In a series of judgments handed down on 26 June 2002, the Labour Division of the French Supreme Court (Cour de Cassation) ruled on the extent to which employees who had signed a voluntary redundancy agreement and thus benefited from the voluntary redundancy scheme in accordance with the provisions of a job protection plan could challenge the economic reason for the redundancy.

In this case, a company, a subsidiary of a group, carries out research and development in the field of dermatology. In 2017, as part of a plan to reorganise the company to ensure its competitiveness, the group presented the works council with an information document on the proposed conversion/closure of the site. Subsequently, the company submitted to the DIRECCTE a unilateral document on the collective redundancy project, including a mixed PSE and a voluntary redundancy plan, which was approved on 11 April 2018. Between August and September 2018, the company’s non-managerial employees signed an amicable termination agreement for economic reasons.

Challenging the economic reasons for the termination, the employees who signed the agreement filed a lawsuit with the Labour Court seeking compensation for various losses.

In a judgment delivered on 10 March 2023, the Court of Appeal of Aix-en-Provence ruled that the employees had the right to challenge the economic reason for the dismissal and ordered the employer to pay each of the employees damages for dismissal without real and serious cause. The lower courts held that since the agreement to terminate the employment relationship by mutual consent fell within the scope of the provisions applicable to dismissals for economic reasons, the employer had to prove the existence of a legitimate economic reason, with the result that the employees were entitled to challenge the economic reason for the dismissal.

The employer appealed to the French Supreme Court. It complained that the judgment had allowed the employees to challenge the amicable termination agreement and the reason for the termination of the employment contract and ordered the employer to pay them damages for dismissal without real and serious cause. It argued that where the termination of an employment contract for economic reasons is the result of an amicable termination agreement in accordance with the provisions of a collective agreement or a PSE submitted to the staff representatives, the economic reason for the termination cannot be challenged, except in the case of fraud or lack of consent.

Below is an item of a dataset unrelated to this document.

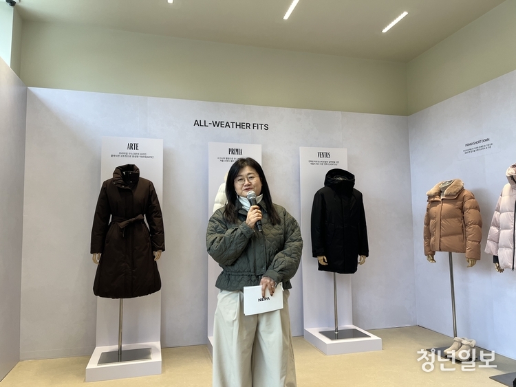 이날 행사에서 김정미 네파 부사장은 '기술 기반의 세련된 디자인으로 아웃도어 프리미엄을 확장한다'는 브랜드 방향성을 발표하며, 변화하는 시장 환경에 대응한 25FW 핵심 전략으로 '스타일 테크 다운(Style Tech Down)'을 제시했다.
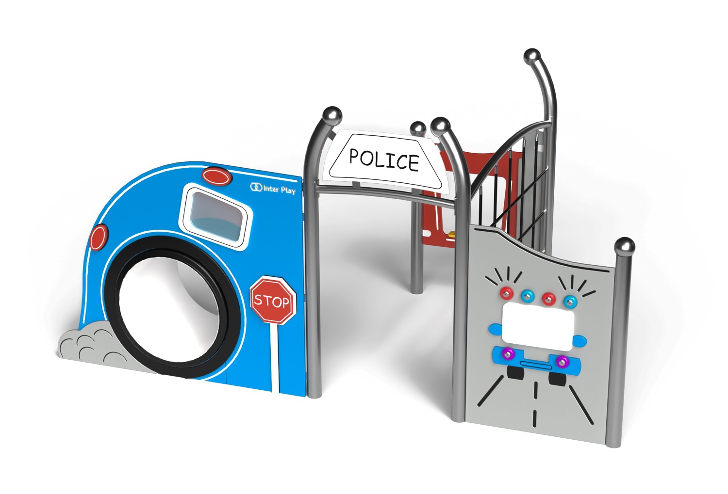 Zestaw Posterunek Policji to wyjątkowy element placu zabaw, który łączy naukę z kreatywnym odgrywaniem ról, przystosowany dla dzieci poruszających się na wózkach inwalidzkich. Dzieci mogą stać się policjantami, wyruszać na patrol, reagować na „wezwania” i rozwijać wyobraźnię, koordynację ruchową oraz umiejętność współpracy. Zestaw przyciąga realistycznym wyglądem – bramą z napisem „POLICE”, posterunkowym panelem z ladą, tunelem, ściankami wspinaczkowymi oraz radiowozem. Wykonany z trwałych i bezpiecznych materiałów, stanowi centrum zabawy i symbol przygody na każdym placu zabaw. Dodatkowo wbudowane kółka emitujące barwne światło w ruchu sprawiają, że dziecięca zabawa staje się jeszcze bardziej ekscytująca. Zestaw idealny do przedszkoli, stref rekreacyjnych i na place zabaw, wspiera rozwój sensoryczny i pobudza kreatywność najmłodszych.

The question put to the Cour de cassation was therefore whether employees who had signed an amicable termination agreement in accordance with the provisions of a PSE could challenge the economic reason for the dismissal.

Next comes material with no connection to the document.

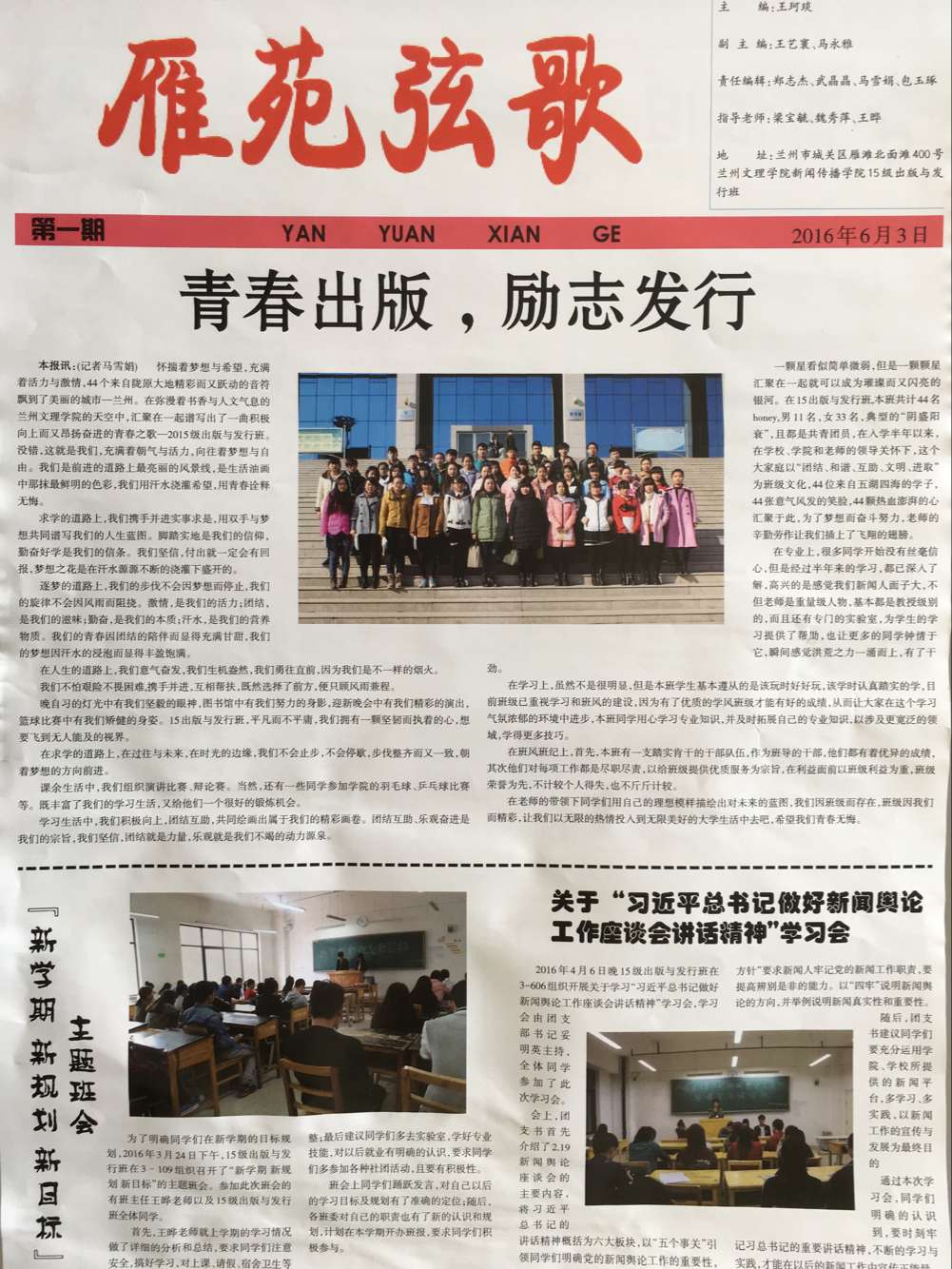 为了更好的传播班级新闻信息,引导校园舆论导向,丰富班级的团学建设活动,365英国上市公司15级出版与发行班的班报《雁苑弦歌》第一期于2016年6月3日正式出刊。该刊是在梁宝毓教授,魏秀萍教授以及班主任王晔老师的指导下,班长王珂琰的积极组织下完成的。

In its judgment of 26 June 2024, based on articles 1101 and 1103 of the Civil Code, relating to the binding nature of contracts, and articles 1221-1 and 1221-3 of the Labour Code, relating to economic reasons, the Social Division of the Court of Cassation overturned the judgment of the Court of Appeal of Aix-en-Provence. The High Court judges stated that the termination of a contract by mutual consent as a result of a voluntary redundancy plan in the context of the implementation of an SPE submitted to the staff representatives cannot be challenged, except in the case of fraud or lack of consent. This solution is in line with the established case law of the Court of Cassation on the termination of contracts and voluntary redundancy plans (Cass. soc., 8 February 2012, no. 10-27.176; Cass. soc., 17 December 2014, no. 13-19.623).

On the same day, the Social Chamber also ruled that the judge is not competent to assess the economic reason and the amicable dismissal of staff representatives authorised by the Labour Inspectorate (Cass. Soc., 26 June 2024, no. 23-15.533), thus reaffirming the principle of the separation of powers.